La situation pourrait s’aggraver si la Turquie avance, comme prévu, vers Manbij, à une centaine de kilomètres à l’Est d’Afrine, également contrôlée par le PYD, mais avec des militaires américains à leur côté ; le président Erdogan ayant menacé Washington de lui infliger une « claque ottomane ». « Nous allons à Manbij et s’ils sont là, tant pis pour eux », a lâché un haut responsable turc à l’AFP, « nous n’avons pas besoin de leurs recommandations, mais de mesures concrètes sur le terrain ».
Ainsi, Ankara a exigé que Washington rompe avec le PYD et reprenne les armes fournies à cette milice. « Nous n’avons jamais donné d’armes lourdes au PYD, donc il n’y en a aucune à reprendre », a rétorqué Rex Tillerson depuis Beyrouth, juste avant d’arriver à Ankara. Il avait auparavant prévenu que les États-Unis allaient « continuer à former des forces de sécurité locales », tout en veillant à ce qu’elles « ne représentent pas une menace » pour les « voisins ». On est rassuré !
CONFORMÉMENT AU TÉLÉGRAMME BRITANNIQUE
Conformément au télégramme diplomatique britannique de Benjamin Norman – «Syrieleaks : Un câble diplomatique dévoile la “stratégie occidentale”  » – que prochetmoyen-orient.ch a révélé depuis Munich le 17 février (numéros 166 et 167), le « Petit Groupe sur la Syrie » – États-Unis, Grande Bretagne, France, Arabie saoudite et Jordanie – a recentré la « stratégie occidentale » en Syrie selon trois priorités : 1) endiguer l’influence iranienne en militarisant durablement l’Est de la Syrie ; 2) faire échouer le plan de paix russe ; 3) enfin, poursuivre une guerre de basse intensité afin de diviser la Syrie pour aboutir à une partition territoriale et politique.
Pour le premier objectif, les forces spéciales américaines se sont beaucoup appuyées sur les combattants du PYD. « La guerre contre le terrorisme a été un alibi extraordinaire pour que les Américains reprennent militairement pied en Syrie », commente un officier supérieur européen en poste en Jordanie, « ainsi espèrent-ils garder le contrôle de la région Raqqa, Deir ez-Zor, Assaké, soit une zone de 50.000 km2, riche de potentiels agricoles et pétroliers. Mais aujourd’hui, le PYD – qui a pleinement rempli sa mission – est devenu un obstacle. D’une part, il commence à formuler des exigences politiques d’autonomie, sinon d’indépendance sur ces fameux 50.000 km2, mais surtout il inquiète fortement Ankara qui se rapproche dangereusement de Moscou au détriment de l’OTAN. Très clairement, les Américains doivent changer la donne en faisant des concessions aux Turcs (ainsi la dernière arrestation de Saleh Muslim), mais surtout en restructurant les FDS, majoritairement kurdes elles-aussi. Autrement dit, Washington doit « dé-kurdiser » ses forces supplétives engagées en Syrie… »

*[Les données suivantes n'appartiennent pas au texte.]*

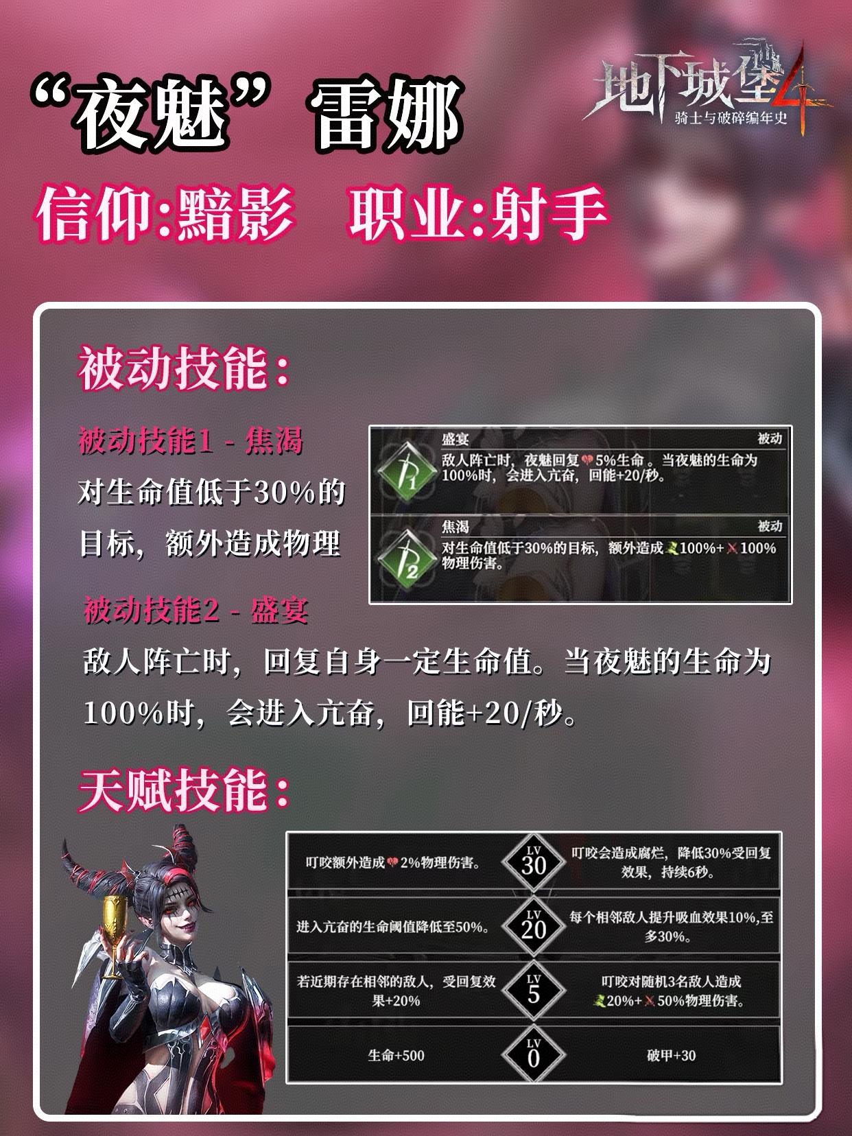 核心推荐:蕾娜(夜魅),大招AOE伤害叠加低血量增伤,附带回血回能效果,需通过混沌人性解锁,解锁后可作为物理核心培养。
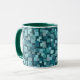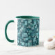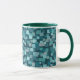 Blå, akvatiska och teala fyrkanter dekorerar detta retro stil-kaffe mugg. Designen kommer från originalteckningen.

ÉLARGIR LE « PLAN MANBIJ »
Cette dé-kurdisation comprend principalement trois volets : 1) laisser les forces armées turques « sécuriser » leur longue frontière avec la Syrie ; 2) « arabiser » les FDS en dotant leurs unités d’officiers arabes d’encadrement. Et pour ce faire, les forces spéciales américaines n’hésitent pas à recycler d’anciens terroristes de Daech et d’Al-Qaïda… tout en proclamant haut et fort qu’il s’agit d’empêcher toute résurgence du terrorisme dans la région ; 3) enfin, il faut faire sortir les unités kurdes de Manbij pour les remplacer par des forces américano-arabes.

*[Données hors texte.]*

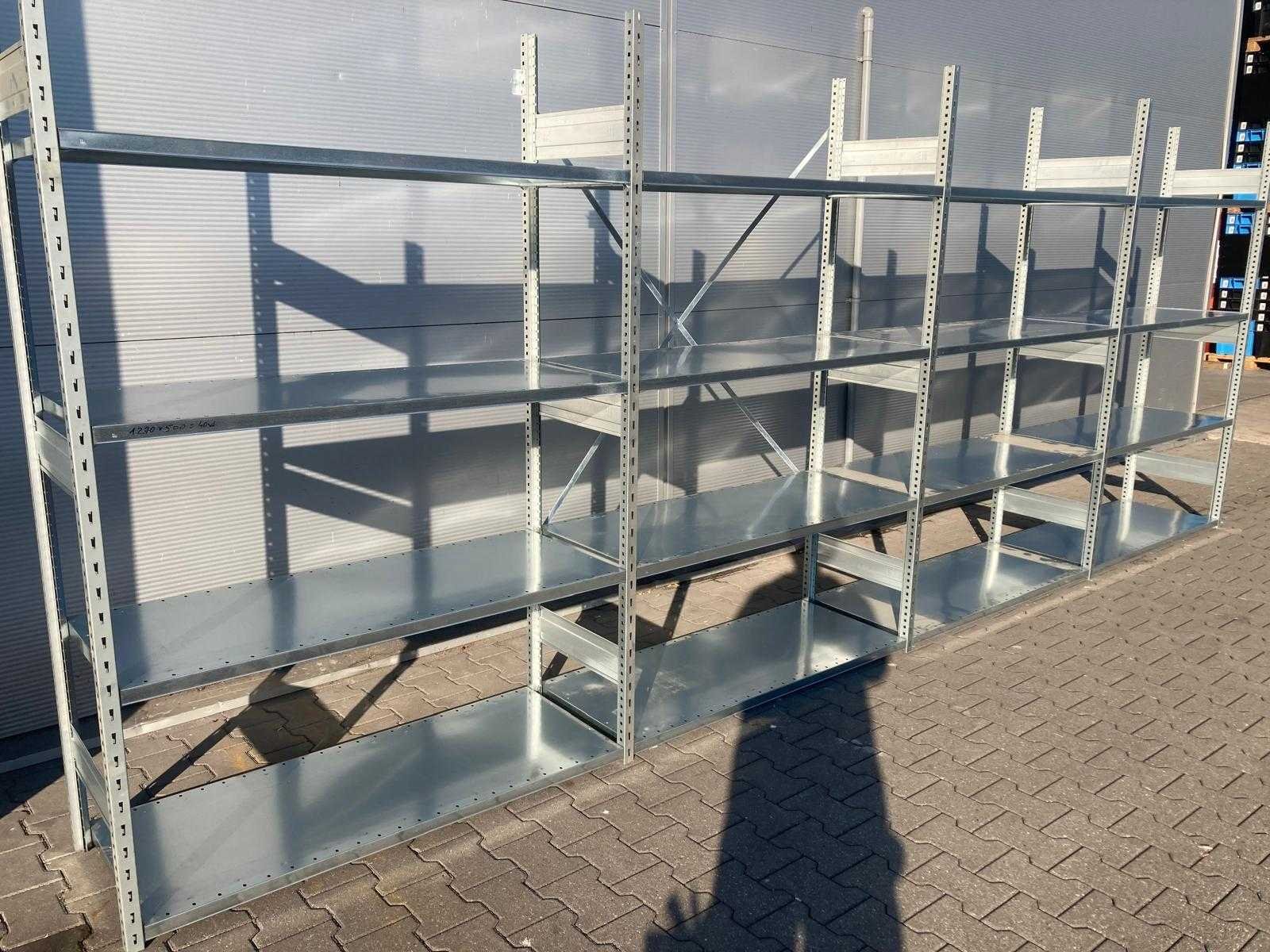 Ongebruikte Stow legbordstelling; wordt netjes gebundeld en transport klaar geleverd; zonder schoorset; Merk: Stow Type: ongebruikt Aantal secties: 4 Sectie afm. b: 965mm Sectie diepte: 500mm Sectie afm. h: 2250mm Aantal staanders: 5 Aantal legborden: 25

Selon le nouveau plan américain, cette arabisation des FDS doit s’effectuer grâce aux 1000 combattants du Conseil militaire de Manbij et aux 200 soldats des forces spéciales américaines qui étaient cantonnées à Kobané. Ce « plan Manbij » s’inscrit dans une approche plus large englobant l’ensemble de l’Est de la Syrie jusqu’à la frontière avec l’Irak afin de « casser » le « corridor chi’ite » entre l’Irak, la Syrie et l’Iran. « Washington annonce un recours accru à la ‘société civile syrienne’ afin d’imposer une solution de ‘fédéralisme modernisé’, autrement dit cette partition territoriale et politique de la Syrie qui est redevenue la priorité des États-Unis, des Européens, des pays du Golfe et d’Israël », précise un diplomate de haut rang en poste à Genève.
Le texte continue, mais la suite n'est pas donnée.